┌─ Available data

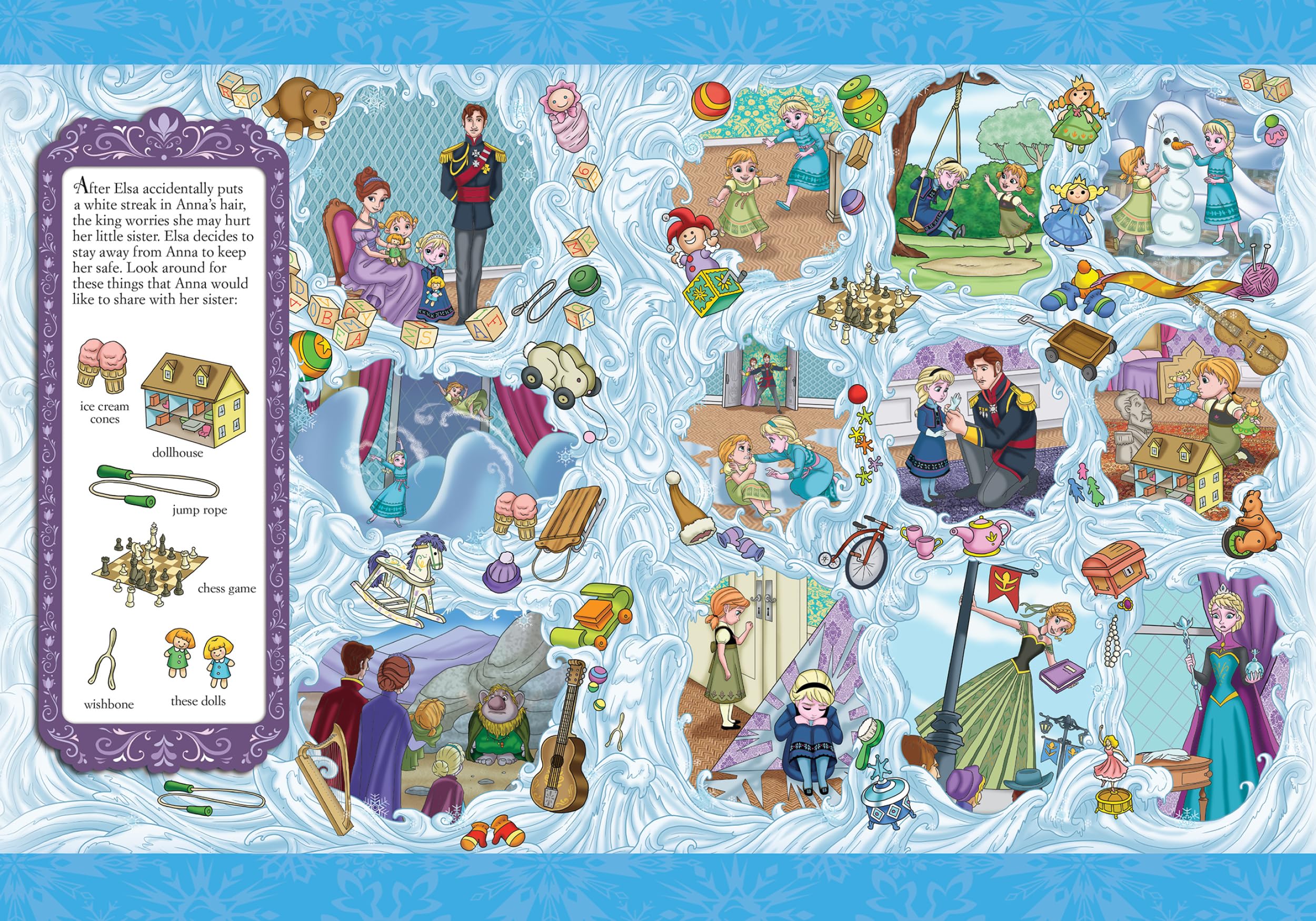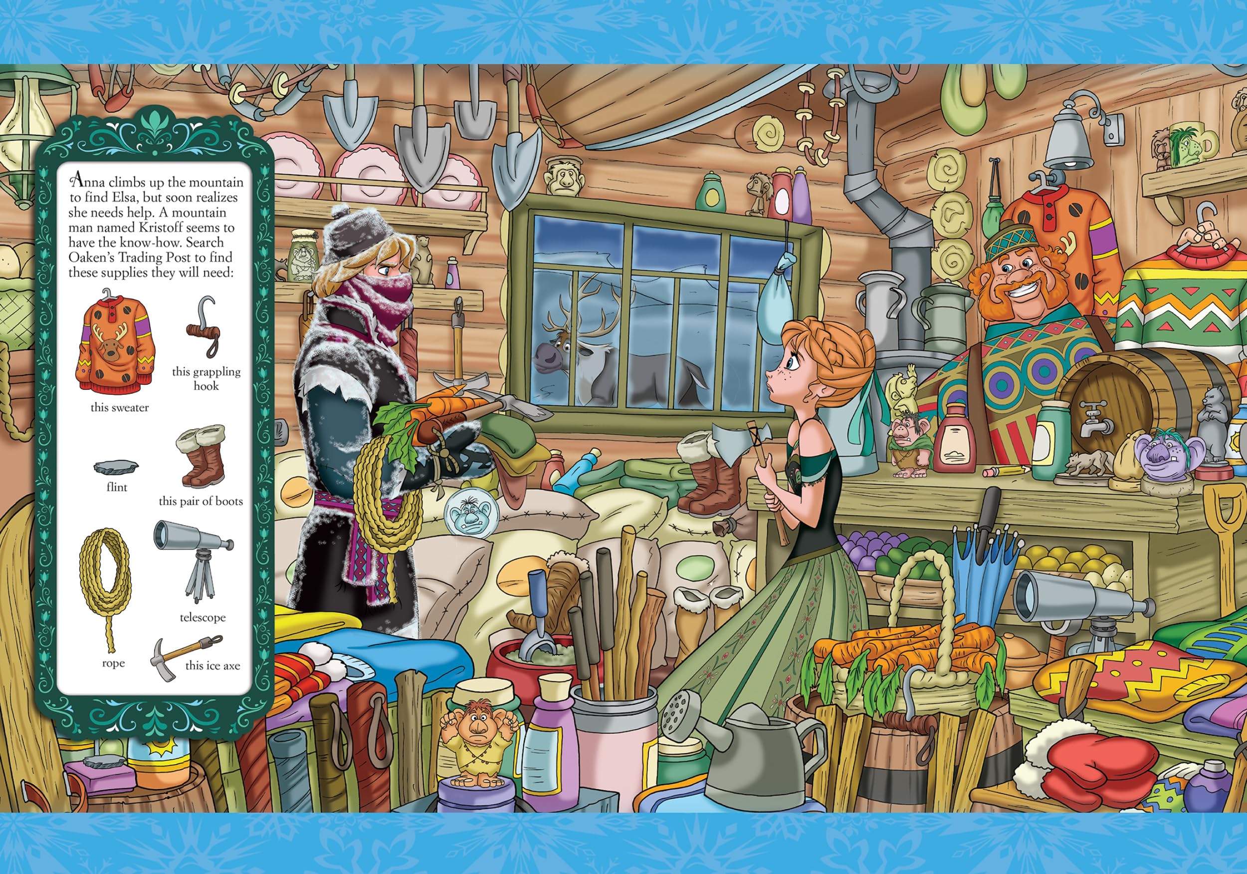 Come along with Elsa, Anna, and their friends on the icy adventure that started it all! Look for hidden objects in 8 exciting scenes inspired by Frozen. Then turn to the back of the book for even more Look and Find challenges.
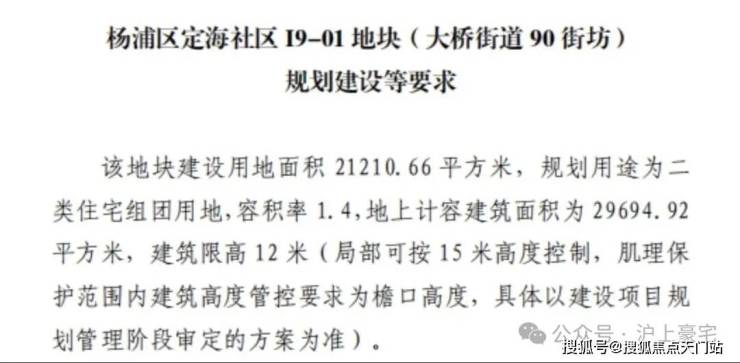 规划建设等要求该地块建设用地面积 21210.66平方米, 规划用途为二类住宅组团用地,容积率1.4,地上计容建筑面积为29694.92平方米,建筑限高12米。此次该地块成交价为225682万元,楼面价约76000元/㎡。
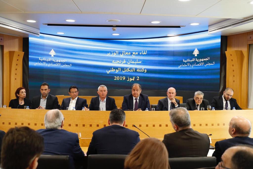 شهد المجلس الاقتصادي والاجتماعي لقاء عمل مع رئيس تيار المردة الوزير سليمان فرنجية يرافقه ووزير الاشغال العامة والنقل يوسف فنيانوس ونواب التكتل الوطني اسطفان الدويهي وفريد الخازن وطوني فرنجية ومصطفى الحسيني . اضافة الى رئيس المجلس الاقتصادي والاجتماعي شارل عربيد .
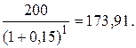 Доход 200 в конце первого года имеет современную стоимость

└─

> **What you have to do**: Only the lines from the one holding "شهد المجلس الاقتصادي" through the end of the data are to be printed, exactly as they stand and with no pictures.

> **Output**:
 شهد المجلس الاقتصادي والاجتماعي لقاء عمل مع رئيس تيار المردة الوزير سليمان فرنجية يرافقه ووزير الاشغال العامة والنقل يوسف فنيانوس ونواب التكتل الوطني اسطفان الدويهي وفريد الخازن وطوني فرنجية ومصطفى الحسيني . اضافة الى رئيس المجلس الاقتصادي والاجتماعي شارل عربيد .
 Доход 200 в конце первого года имеет современную стоимость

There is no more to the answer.